In our study, we described a case series of several adolescents and young adults with BD who presented with aggressive panuveitis. Prompt remission of BD-related uveitis may be achieved with high-dose corticosteroids; however, most children developed steroid-related side effects and steroid dependence. In our study, two patients suffered from short stature, Cushingoid features and adrenal gland insufficiency after long-term steroid use. Despite aggressive treatment with a combination of immunosuppressive medications, active uveitis with retinitis and retinal vasculitis were observed in all our patients upon tapering of systemic steroid. In concordance with previous studies, blindness rate is high despite aggressive treatments in BD-related uveitis [37]. Our study describes the aggressive nature and high incidence of blinding in a limited number of paediatric BD-related uveitis.

There were no adverse events detected in our long-term follow-up of this case series related to adalimumab use. There was no reported incidence of allergic reactions, injection site reaction or demyelination, severe infection or tuberculosis infection related to adalimumab use. ANA level was checked at baseline and regularly after commencing adalimumab; no lupus-like syndrome was reported. The few cases in the current study tolerated well to adalimumab use in the long term.

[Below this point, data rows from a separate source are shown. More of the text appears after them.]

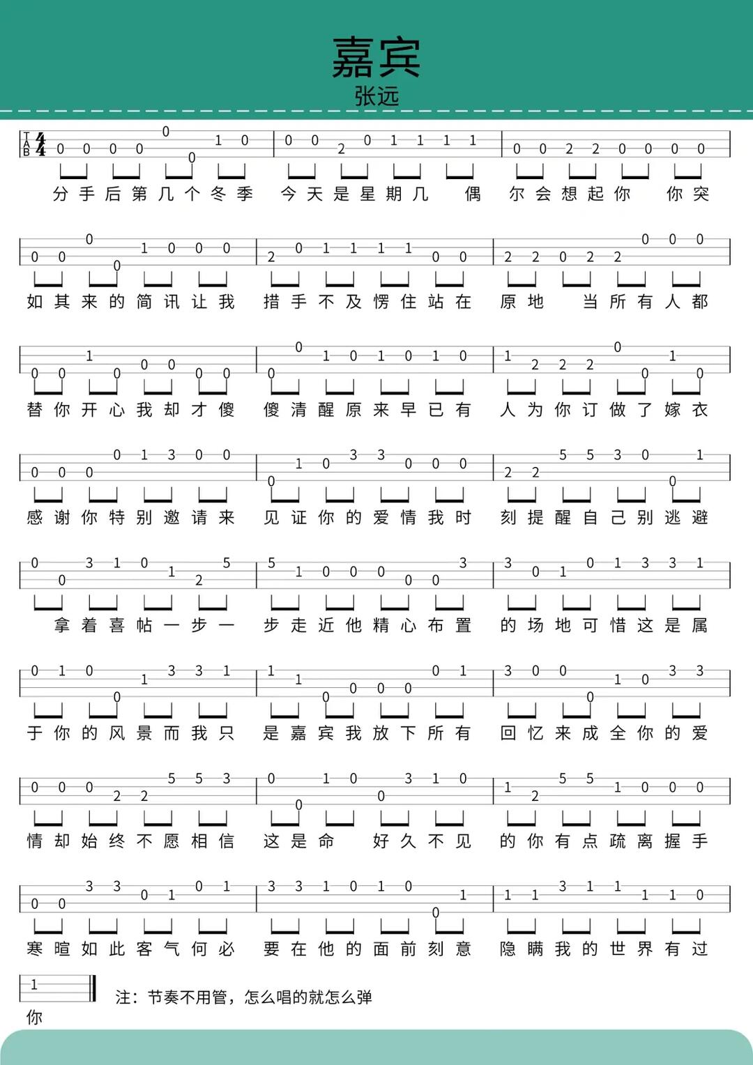 嘉宾歌词简谱第1页
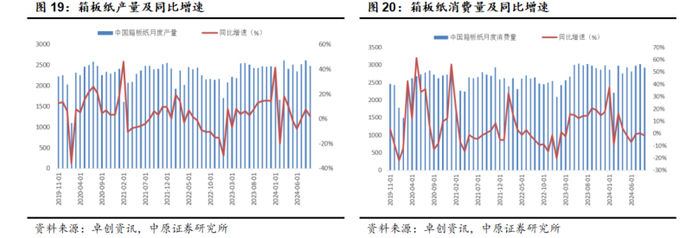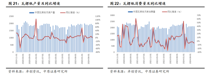2024年9月,瓦楞纸月度产量为190.18万吨,同比增长0.51%;2024年9月,瓦楞纸月度消费量为210.60万吨,同比下降5.24%。
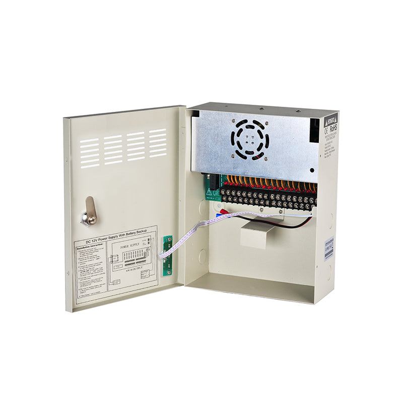 SZ Security CP1218-20A-B 12V 20A 18CH Uninterruptible CCTV Power Supply with Battery Backup, 240W Output, CE/FCC Certified
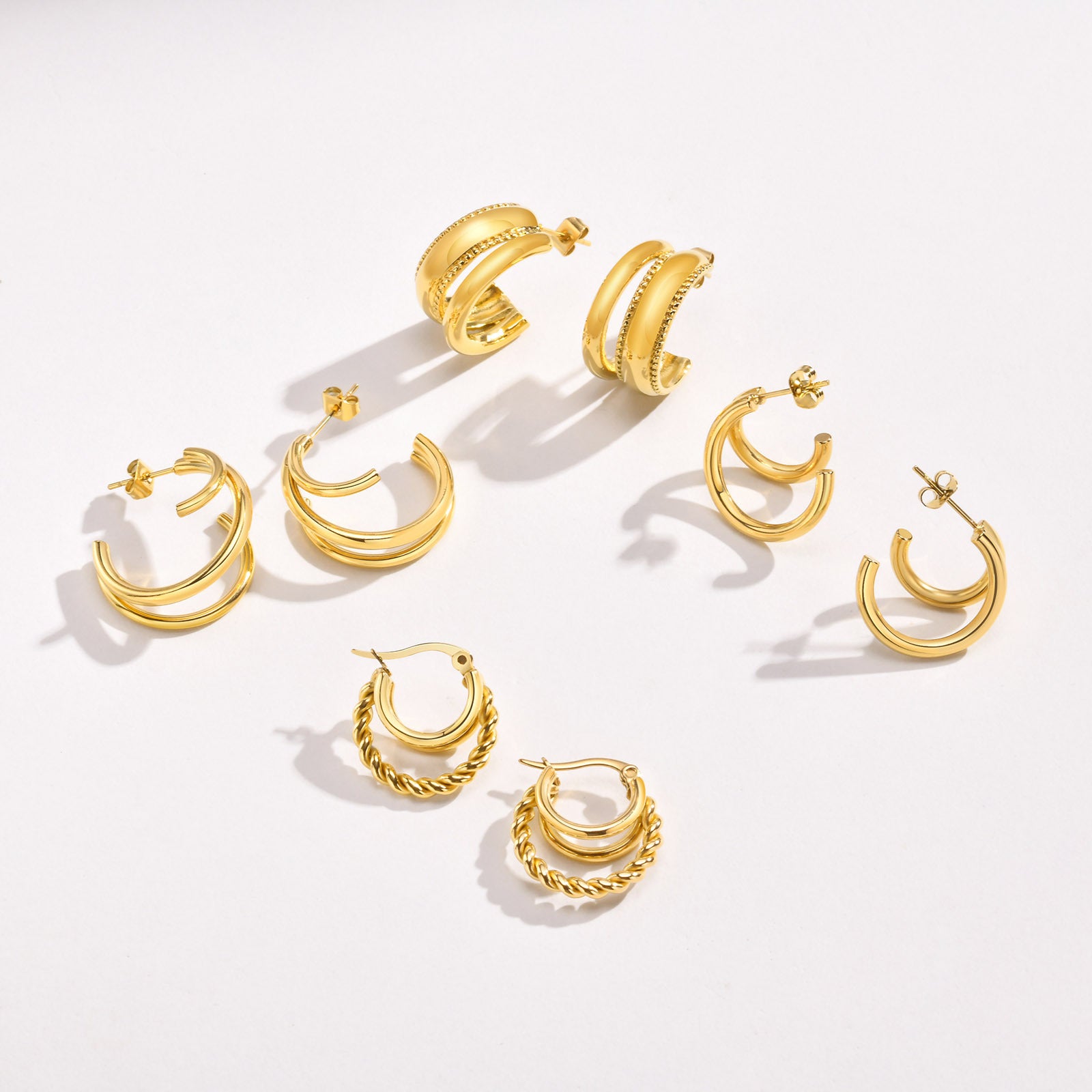 Women's Double Stainless Steel Three Tube Jewelry Earrings

The main limitations of our study included the small sample size and lack of control comparison. Despite this, this study demonstrated good clinical response to adalimumab in a small series of severe, aggressive, sight-threatening BD patients presenting at a young age. Our series had a long follow-up period of up to 4 years with a median follow-up duration of 40 months. In the long term, efficacy of adalimumab may change due to development of antidrug antibodies [4]. This phenomenon is not observed in our series yet by using concomitant anti-metabolites.

In conclusion, we described the clinical response of a case series of patients with BD at adolescent onset being treated with adalimumab. Overall, all patients with ocular involvement showed complete resolution of inflammatory ocular involvement with fewer episodes of ocular relapse. These patients were able to maintain their baseline BCVA at last visit. Our study showed adalimumab has great potential for treating paediatric BD-related uveitis but further large-scale studies are warranted.